Если твоя фамилия – Мешок, и ты, по мнению некоторых, умен, но мягок, как мешок дерьма, тебе не остается иного, как в наплывах умеренного восторга, все менее частых, бубнить будущим творцам зубных протезов лекции о Хайдеггере и божественном Эмпедокле. Полудетское грассирование Мешка напоминало, пожалуй, перламутр, слегка бликующий, призванный сочетаться с вожделенным, но, увы, отсутствующим предметом философской мечты – скуфьей черного бархата.

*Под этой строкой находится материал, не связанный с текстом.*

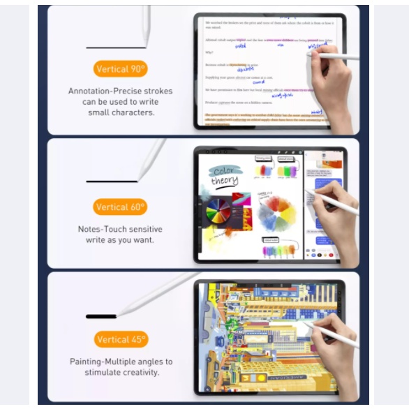 - Bút cảm ứng Baseus Smooth Writing Capacitive Stylus được trang bị Sensor cảm ứng độ nghiên của thân bút và lực nhấn khi sử dụng để tạo ra các nét vẻ đậm nhạt khác nhau . Mang đến trải nghiệm sử dụng như bút thật . Sản phẩm có 2 phiên bản Standard (chỉ dùng được trên các dòng iPad Pro) và Plus (được trang bị thêm 1 đầu cảm ứng thứ 2 , tương thích với hầu tư tất cả các loại màn hình cảm ứng điện dung trên Smartphone/ Tablet Android ) . Thân bút cũng được trang bị nam châm, có thể hít được trên khung viền đối với iPad các dòng có hỗ trợ.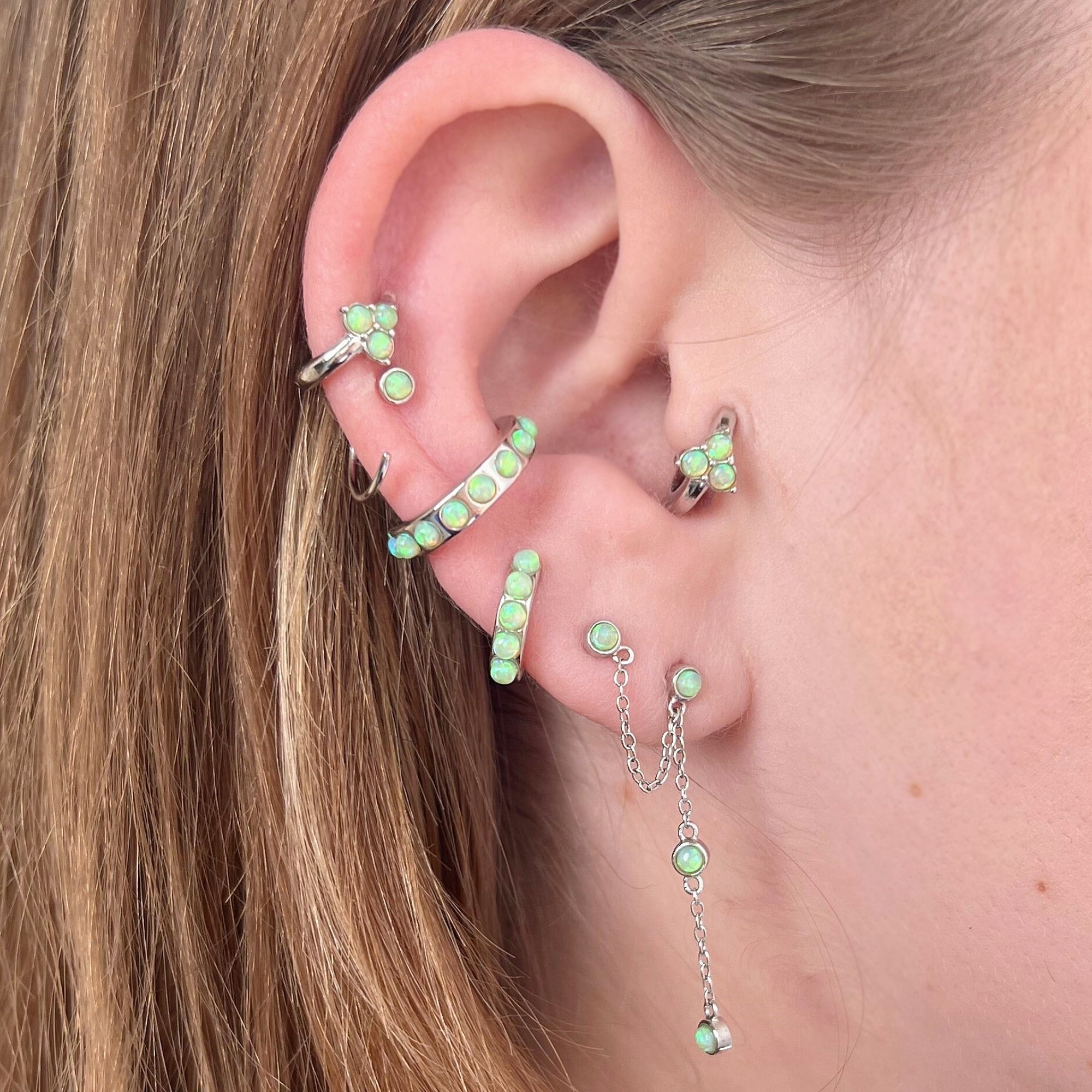 Shimmering with lime green opals, this cuff brings fire to any ear stack.

Тонзура для академической ермолки открываться никак не хотела. Ему казалась, что ближе к зрелости крышка черепа одеревенела, взморщинилась, подобно дурно положенной краске. Иногда голос вдруг задрожит и намокнет, готовый взорваться плачем. И – да, конечно, если прильнуть языком к прохладной лобной кости, вкус будет рассыпчат и ярко-багров, похож на жгучие пряности.

Зеркало мглы дверного проема, вытянутое вертикальной готикой, исправно питало его кошмарами. Он видел беседу двоих с выпотрошенными, вполоборота, лицами, гибкими, словно автопортрет Сальвадора Дали, и песок перетекал из одной головы в другую сквозь пустые глазницы. Временами, правда, хватка ужаса лицемерно слабнет. И далекая сизая реклама над вечерним городом не кажется фантомным знаком незримо свершившейся катастрофы. Коллекционировал соответствия. Когда из дыры в красном и окружая это красное, скажем, красный эфес молотка для разбивания стекла, потопом проступает зеленое – это лава увертюр Россини, когда же скрипуче двоится холодный и железный гитарный рифф – это Шекспир, тот, кто, по словам доктора Ракоци, согласился ссудить свое имя Высшим Неизвестным, а может это яйцевидная маска Елизаветы, бледнеющая над колоколом виргинской юбки. Итак, бесконечность нечистых и бессмысленных сгустков волнения. Мы знаем однако, что теория Кантора, справедливо сошедшего с ума, разрешает сверху бесконечности воздвигнуть следующую величину, еще более бесконечную.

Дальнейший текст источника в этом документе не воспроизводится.